For Bair (Fig. 11),  completely fails to produce videos where the robotic is sharp. The generated videos are blurred. MoCoGAN  generates videos with more details but containing many artifacts. In addition, the backgrounds generated by MoCoGAN are not temporally coherent. Our method generates realistic robotic arm moving in front of detailed and temporally coherent backgrounds.
c.4 Image animation
When tested using the Nemo dataset (Fig. 12), our method generates more realistic smiles on most of the randomly selected samples despite the fact that the XFace model is specifically designed for faces. Similarly to the main paper, the benefit of transferring the relative motion over absolute locations can be clearly observed in the bottom right example where the video generated by X2face inherits the large cheeks of the young boy in the driving video.
For Tai-Chi (Fig. 13), X2face is not able to handle the motion of the driving video and simply warps the human body in the source image as a single blob.
For Bair (Fig. 14), we observe a similar behavior. X2face generates unrealistic videos where the robotic arm is generally not distinguishable. On the contrary, our model is able to generate a realistic robotic arm moving according to the driving video motion.
Finally in Fig 15, we report results on the MGif dataset. First, these examples illustrate high diversity of MGif dataset. Second, we observe that our model is able to transfer the motion of the driving video even if the appearance of the source frame is very different from the driving video. In particular, in all the generated sequences, we observe that the legs are correctly generated and follow the motion of the driving video. The model preserves the rigid parts of the animals as, for instance, the abdomen. In the last row, we see that the model is also able to animate the fox tail according to the motion of the cheetah tail.
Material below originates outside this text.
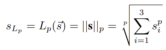 이후 세가지 스칼라 값으로 구성한 벡터 s(수식7)에 대한 normalization 값(수식8, L1 norm 이용)을 최종 데이터의 가치(S_Lp)로 이용합니다.
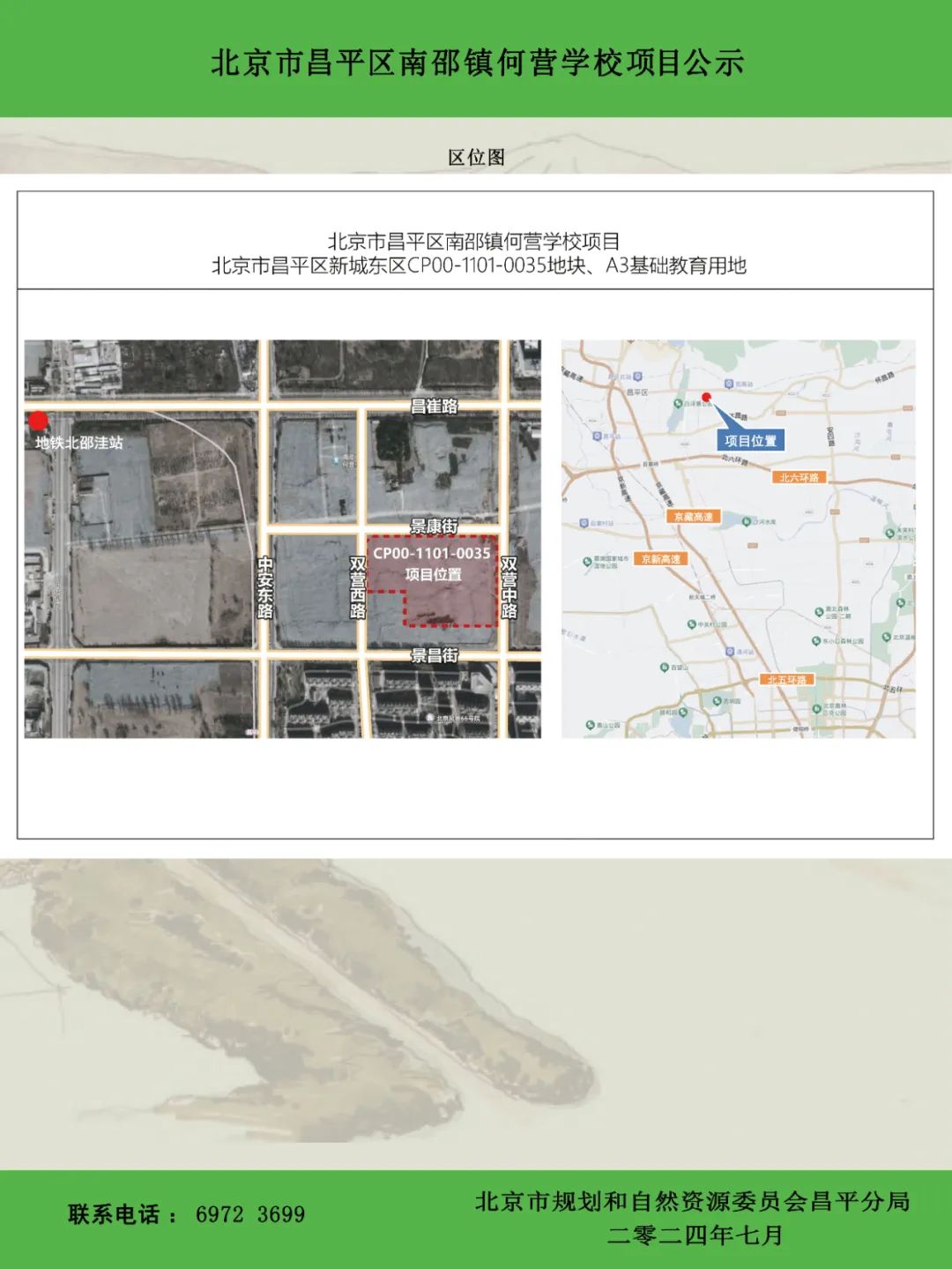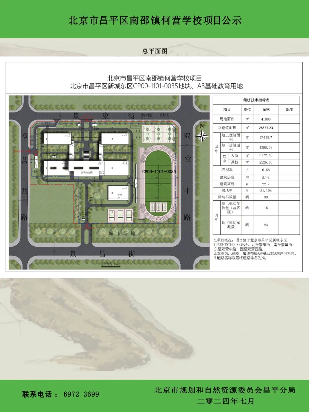 该项目位于昌平区南邵镇CP00-1101-0035地块,项目北至景康街,南至景昌街,东至双营中路,西至双营西路。总用地面积约41800平方米,规划总建筑面积约28538平方米, 地上建筑面积约24139平方米,地下建筑面积约4399平方米。容积率0.58,绿地率31.1%,建筑高度22.7米(详见总平面图)。最终规划指标和方案布局以规划审批为准。

c.5 Keypoint visualization
Finally, we report visual examples of keypoints learned by our model in Figs. 16, 17, 18 and 19. On the Nemo dataset, we observe that the obtained keypoints are semantically consistent. For instance, the cyan and light green keypoints constantly correspond to the nose and the chin respectively. For Tai-Chi, the keypoints are also semantically consistent: light green for the chin and yellow for the left-side arm (right arm in frontal views and left arm in back views), for instance. For the Bair dataset, we observe that two keypoints (light green and dark blue) correspond to the robotic arm. The other keypoints are static and can correspond to the background. Finally, concerning the MGif dataset, we observe that each keypoint corresponds to two different animal parts depending if the animal is going towards left or right. In the case of animals going right (last three rows), the keypoints are semantically consistent (red for the tail, dark blue for the head etc.). Similarly, the keypoints are semantically consistent among images of animal going left (red for the head, dark blue for the tail etc.). Importantly, we observe that a keypoint is associated to each highly moving part, as legs and tails.